**Exercise aim**
With the pictures left out, restate exactly the part below that opens with the line containing "Szerokość budynku 11.88 m |" and closes with the line containing "DLC《复活吧!海鸥镇》将于".

**Material for the task**
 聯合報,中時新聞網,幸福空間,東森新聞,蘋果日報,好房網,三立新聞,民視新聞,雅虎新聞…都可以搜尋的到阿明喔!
* * *
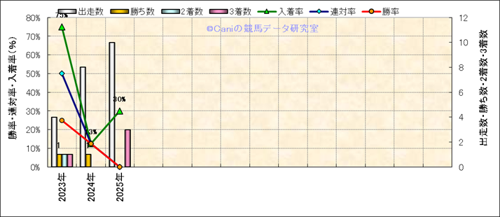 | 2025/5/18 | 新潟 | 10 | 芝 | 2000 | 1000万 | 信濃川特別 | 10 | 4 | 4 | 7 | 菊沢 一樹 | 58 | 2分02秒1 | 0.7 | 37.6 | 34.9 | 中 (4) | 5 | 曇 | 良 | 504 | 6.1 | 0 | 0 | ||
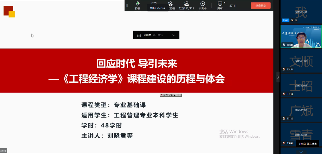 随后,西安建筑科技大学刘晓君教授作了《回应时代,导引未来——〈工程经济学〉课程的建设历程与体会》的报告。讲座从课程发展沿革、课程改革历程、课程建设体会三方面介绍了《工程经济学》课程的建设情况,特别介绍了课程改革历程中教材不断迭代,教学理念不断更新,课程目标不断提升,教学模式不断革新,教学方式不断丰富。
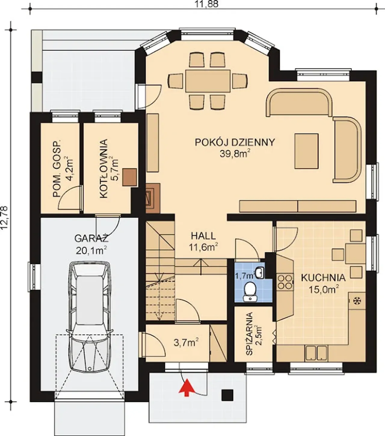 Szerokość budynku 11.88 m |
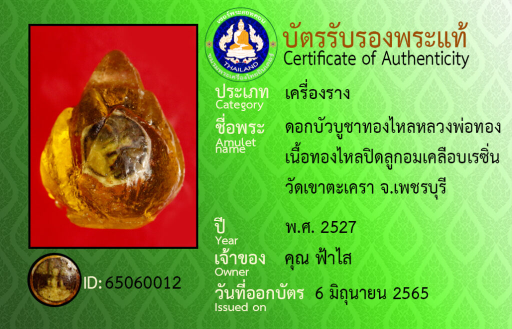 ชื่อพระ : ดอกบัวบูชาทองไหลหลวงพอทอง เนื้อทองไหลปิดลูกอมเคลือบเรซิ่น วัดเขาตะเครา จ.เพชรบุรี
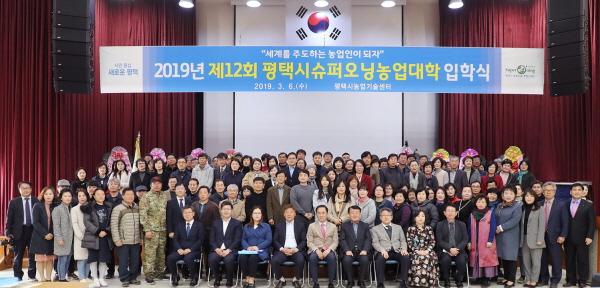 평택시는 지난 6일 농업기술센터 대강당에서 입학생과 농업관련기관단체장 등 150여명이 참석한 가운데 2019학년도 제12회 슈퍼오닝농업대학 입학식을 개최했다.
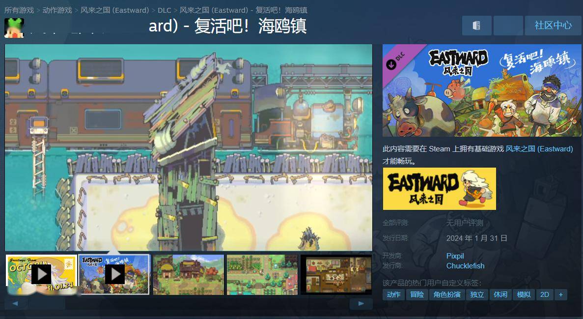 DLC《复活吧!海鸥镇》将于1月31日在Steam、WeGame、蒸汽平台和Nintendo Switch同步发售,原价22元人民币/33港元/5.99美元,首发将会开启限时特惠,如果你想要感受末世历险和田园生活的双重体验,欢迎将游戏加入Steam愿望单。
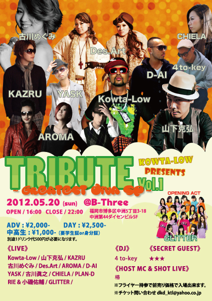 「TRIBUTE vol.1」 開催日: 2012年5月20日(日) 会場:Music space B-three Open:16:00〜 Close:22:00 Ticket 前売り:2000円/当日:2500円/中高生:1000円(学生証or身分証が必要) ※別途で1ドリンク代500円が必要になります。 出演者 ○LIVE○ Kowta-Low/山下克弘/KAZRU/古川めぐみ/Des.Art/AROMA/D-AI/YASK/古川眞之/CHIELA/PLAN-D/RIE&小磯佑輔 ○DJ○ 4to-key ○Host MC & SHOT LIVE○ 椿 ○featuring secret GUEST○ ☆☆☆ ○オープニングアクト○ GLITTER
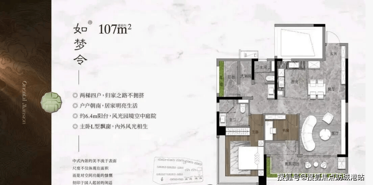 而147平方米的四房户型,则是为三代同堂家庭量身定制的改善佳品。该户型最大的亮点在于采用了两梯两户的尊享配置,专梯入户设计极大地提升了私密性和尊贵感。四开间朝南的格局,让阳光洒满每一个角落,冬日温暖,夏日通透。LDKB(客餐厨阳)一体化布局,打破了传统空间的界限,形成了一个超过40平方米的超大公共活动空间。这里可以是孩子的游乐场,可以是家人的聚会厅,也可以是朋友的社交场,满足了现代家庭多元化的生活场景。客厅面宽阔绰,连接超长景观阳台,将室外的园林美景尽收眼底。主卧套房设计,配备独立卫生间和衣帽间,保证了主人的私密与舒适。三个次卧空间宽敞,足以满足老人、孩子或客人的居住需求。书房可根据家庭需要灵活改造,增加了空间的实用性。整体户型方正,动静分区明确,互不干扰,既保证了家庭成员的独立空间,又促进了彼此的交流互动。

**Solved problem**
 Szerokość budynku 11.88 m |
 ชื่อพระ : ดอกบัวบูชาทองไหลหลวงพอทอง เนื้อทองไหลปิดลูกอมเคลือบเรซิ่น วัดเขาตะเครา จ.เพชรบุรี
 평택시는 지난 6일 농업기술센터 대강당에서 입학생과 농업관련기관단체장 등 150여명이 참석한 가운데 2019학년도 제12회 슈퍼오닝농업대학 입학식을 개최했다.
 DLC《复活吧!海鸥镇》将于1月31日在Steam、WeGame、蒸汽平台和Nintendo Switch同步发售,原价22元人民币/33港元/5.99美元,首发将会开启限时特惠,如果你想要感受末世历险和田园生活的双重体验,欢迎将游戏加入Steam愿望单。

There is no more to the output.